John stands tall upon a faith so strong that, in Christ, he foresees a day when knowing Jesus will not hinge on having the eyes of your heart opened by grace – will not only depend on letting your heart prepare him room. John anticipates with every confidence the coming day when knowing Jesus will be as easy as just opening your eyes. Period! End of discussion!! John claims a day when faith will become obsolete, because everyone – even those who signed Jesus’s death decree and hammered nails into his hands and feet, even they will see Jesus coming on clouds of glory.

If our Christian faith is true, then at some point the same faith will be clearly true for everyone. If our claim that “Jesus is Lord” is anything other than a pious wish or a self-righteous fantasy, then it represents reality. And that reality will, ultimately, be undeniable to everyone – even to the loudest of skeptics and the most vehement of doubters. Amen!

Some say that only the past is inevitable and that the future is wide open – your future is that what you make of it. Or the future is unknowable – because it is not yet present. Well, maybe. But in the book of Revelation, John loudly cries foul and quickly tosses the red flag of hearty disagreement.

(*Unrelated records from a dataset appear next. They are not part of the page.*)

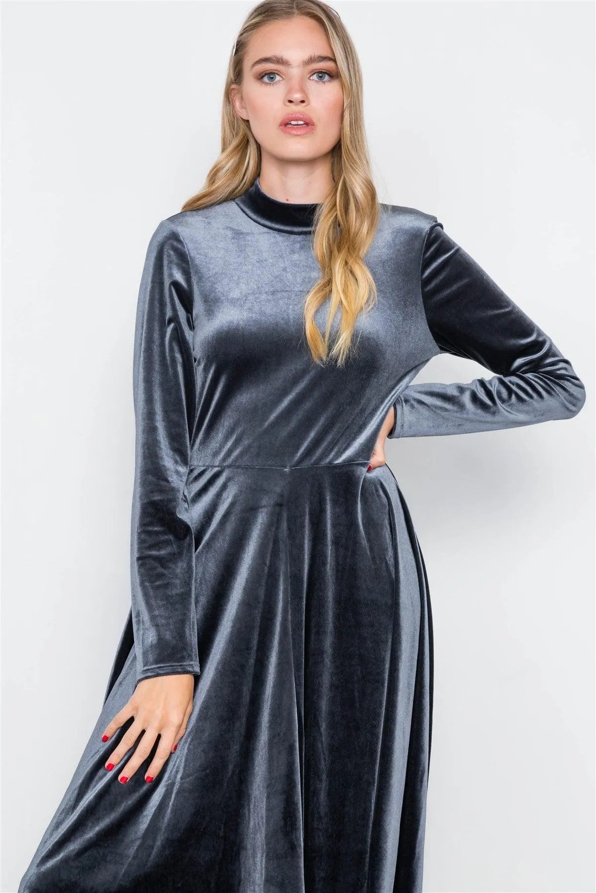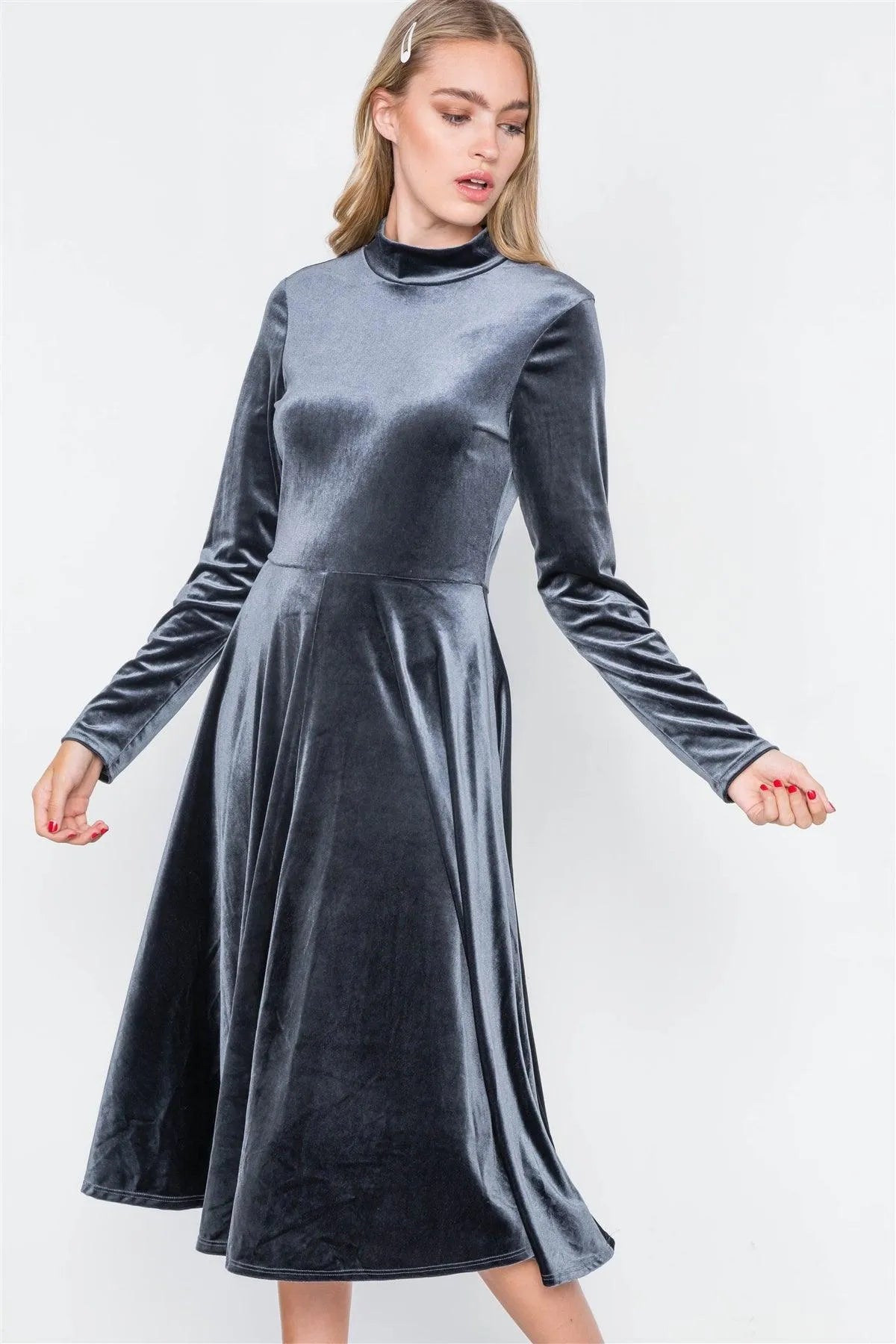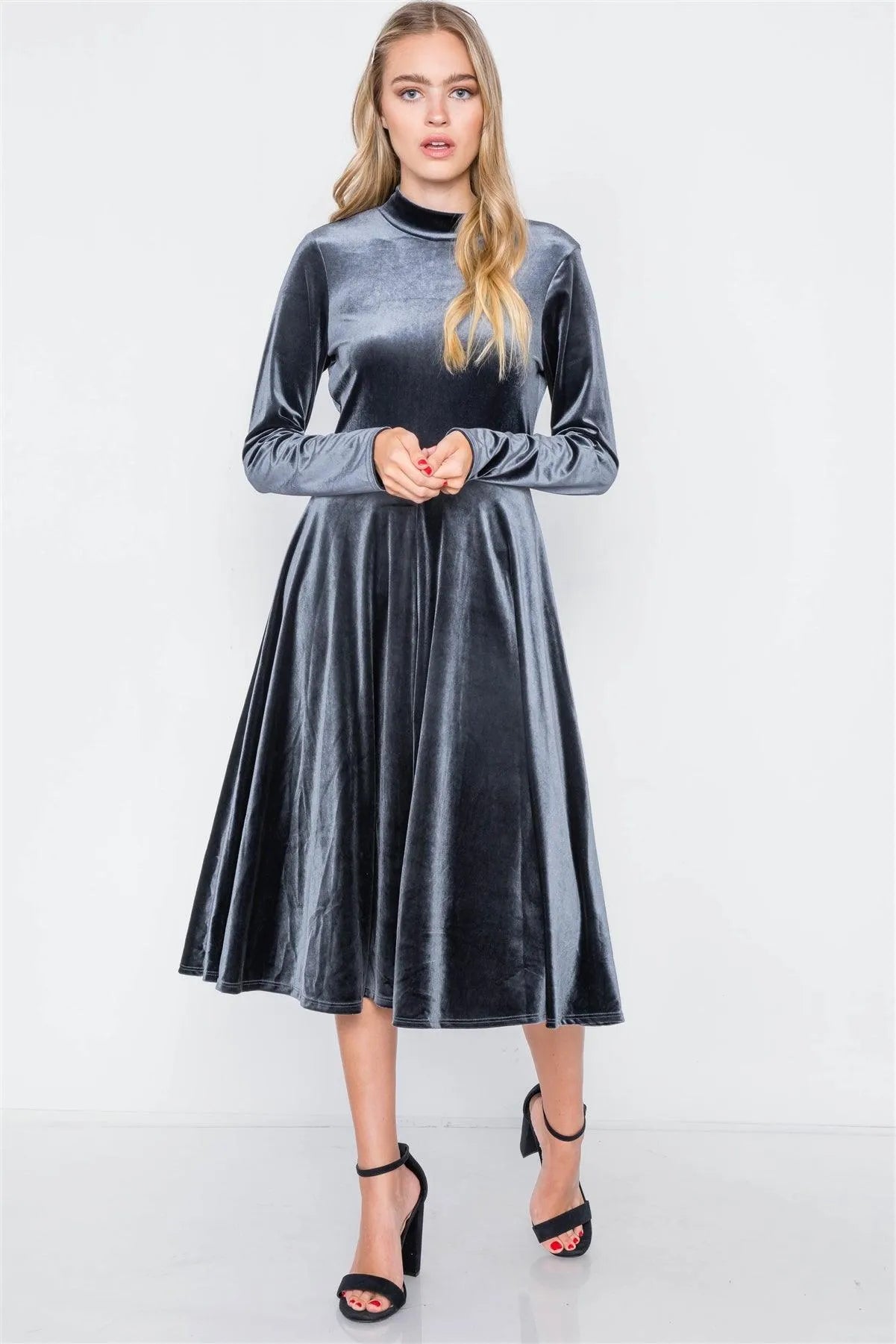 Charcoal Velvet Long Sleeve A-Line Midi Evening Dress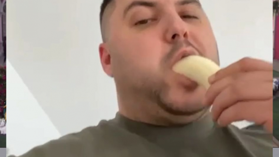 Asmin na snimku koji je Sita objavila, a koji se uveliko širi na mrežama jede bananu, a Ahmićeva ga oslovljava sa "Gulaš".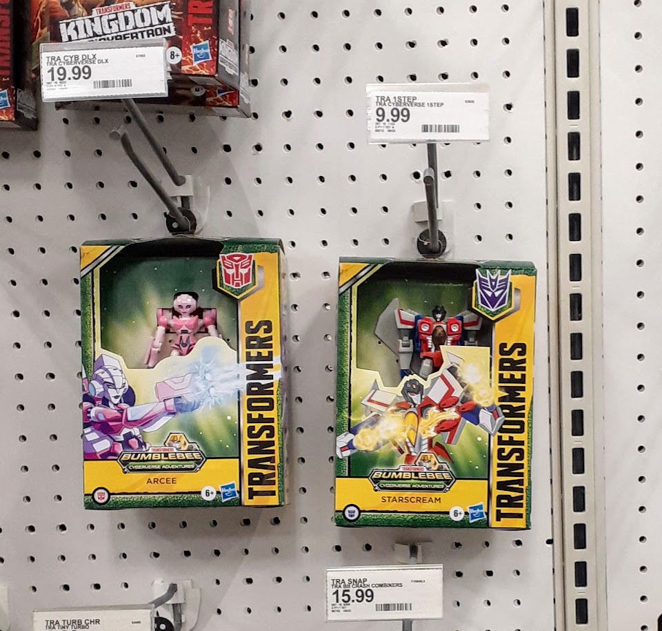 Hasbro has quietly rereleased Transformers Cyberverse Deluxe Arcee, Bumblebee and Starscream in the current Dinobots Unite packaging. Like the previous wave these will likely not include the parts to build Maccadam despite what the stock photos show but you'll still get the other weapons and effect parts, just be sure to inspect those open air boxes to make sure the parts didn't slip out! And hey, you can go to Target right now and buy these if you're lucky to have a local store that's reasonably well stocked (or even not well stocked as you can see from my photo below). Or you can go over to Target.com where they're currently in stock, click on the photos to be taken to the figure.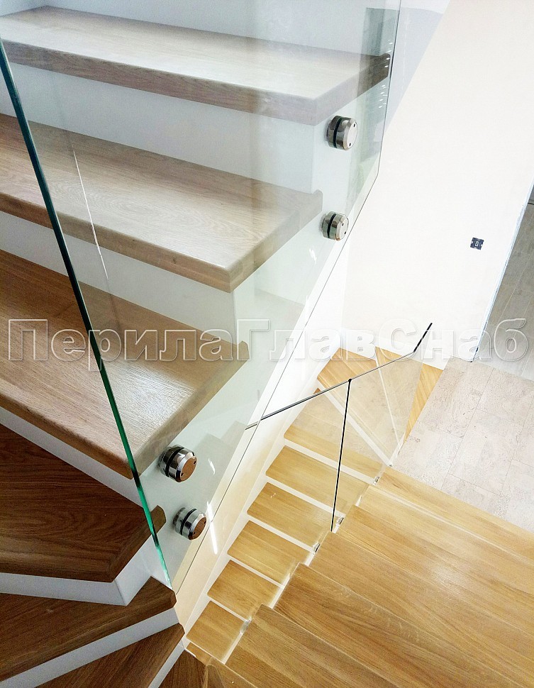 Стекло прозрачное, каленое 10 мм, крепится к торцу лестничного марша на точечном креплении из нержавеющей стали.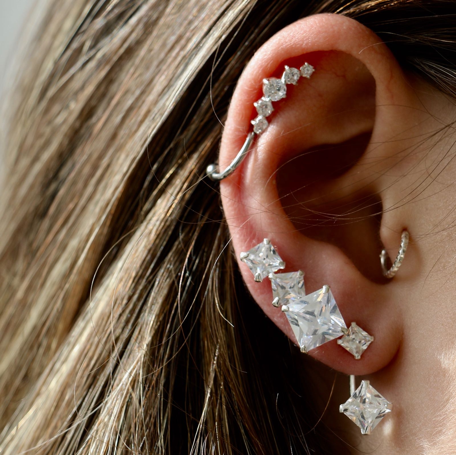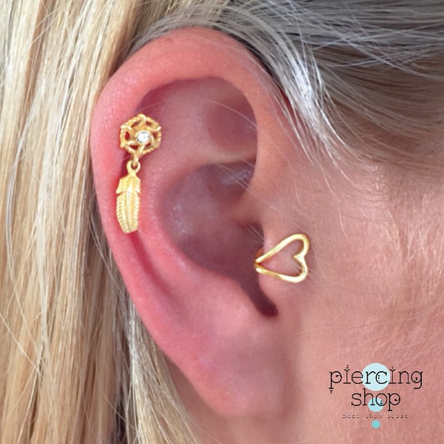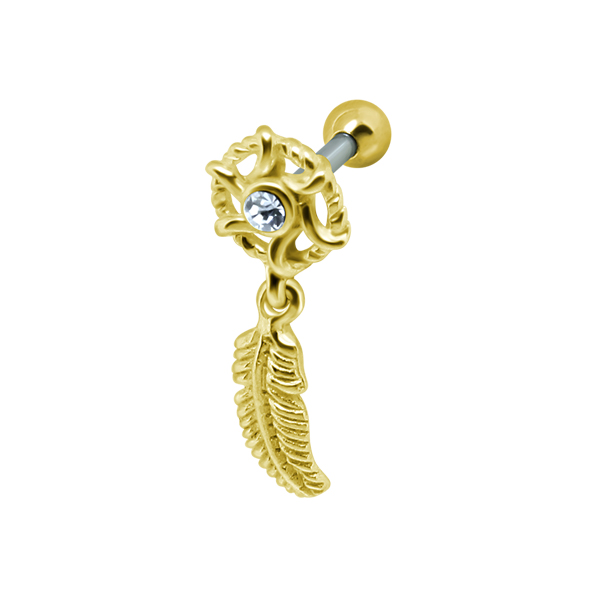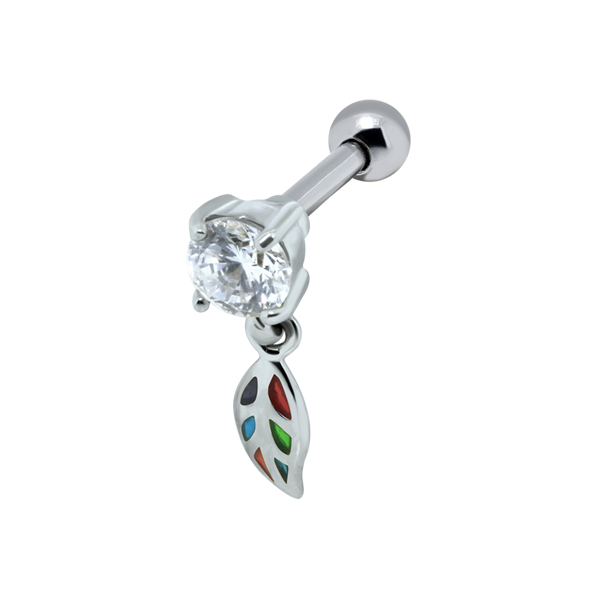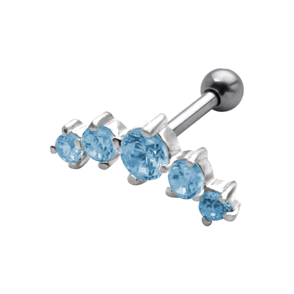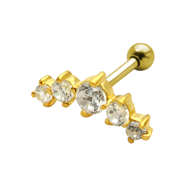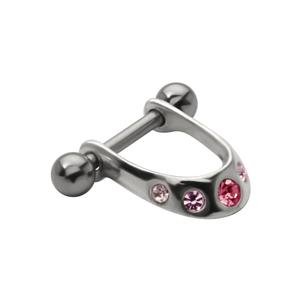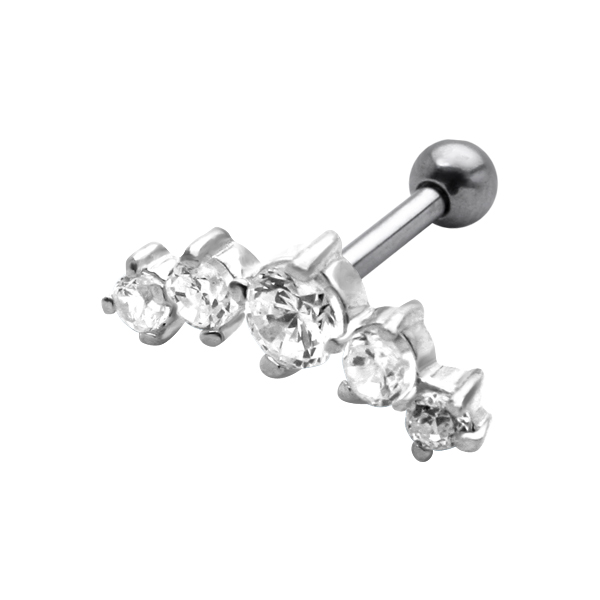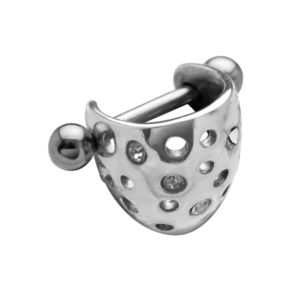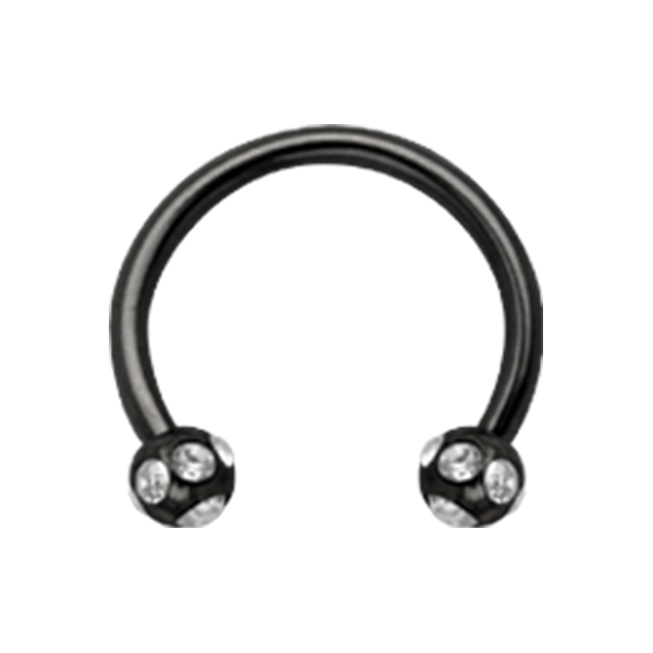 עגיל פירסינג טראגוס / הליקס פרסה שחורה וקריסטלים לבנים

OK, so yes: Maybe we must account for a certain amount of dumb luck and random chance to influence future events. And perhaps we can faithfully hedge that claim by saying that it is the Creator himself who designs the universe to include some degree of fate and coincidence, which then allows God to intervene and work together unto good in re-establishing the justice of divine will.

Even so, we cannot and must not – if we are to claim ourselves Christians of Spirit-inspired integrity – believe that the future is unknown to the Lord God Almighty, that future is filled with anything but the fullness of God’s goodness, grace, and peace. Among those many other things, heaven most-assuredly knows that, sometime in the future, Christ is coming again. The One who was – the One who is – is so also without question the One who will return. Amen!

Right now, of course, we live by faith, not by sight. Right now, however much the Spirit convicts our joyous hearts to the Gospel’s truth and the present reality of Jesus, we cannot prove such things according to the rigorous standards of logic. We cannot empirically demonstrate any part of our faith in ways that would satisfy the methodology of science.

Again, however, if what we believe in our hearts is right, then the day will come when the reality of Jesus will surpass the human desire for precise data and hard evidence. The day surely will come when we no more need to prove the truth of Christ in our midst than today we must verify the earth under our feet and the sky above our heads. Everyone will just see it!

So it is to be. Amen.

Pastor Grant M. VanderVelden shared this message during worship on Sunday, January 11, 2026, at First Presbyterian Church in Waukon, Iowa, USA. It is the first installment of a short series on the New Testament book of Revelation that will continue until the start of Lent in mid-February. Scholarship, commentary, and reflection by Scott Hoezee and Christopher C. Rowland inform the message.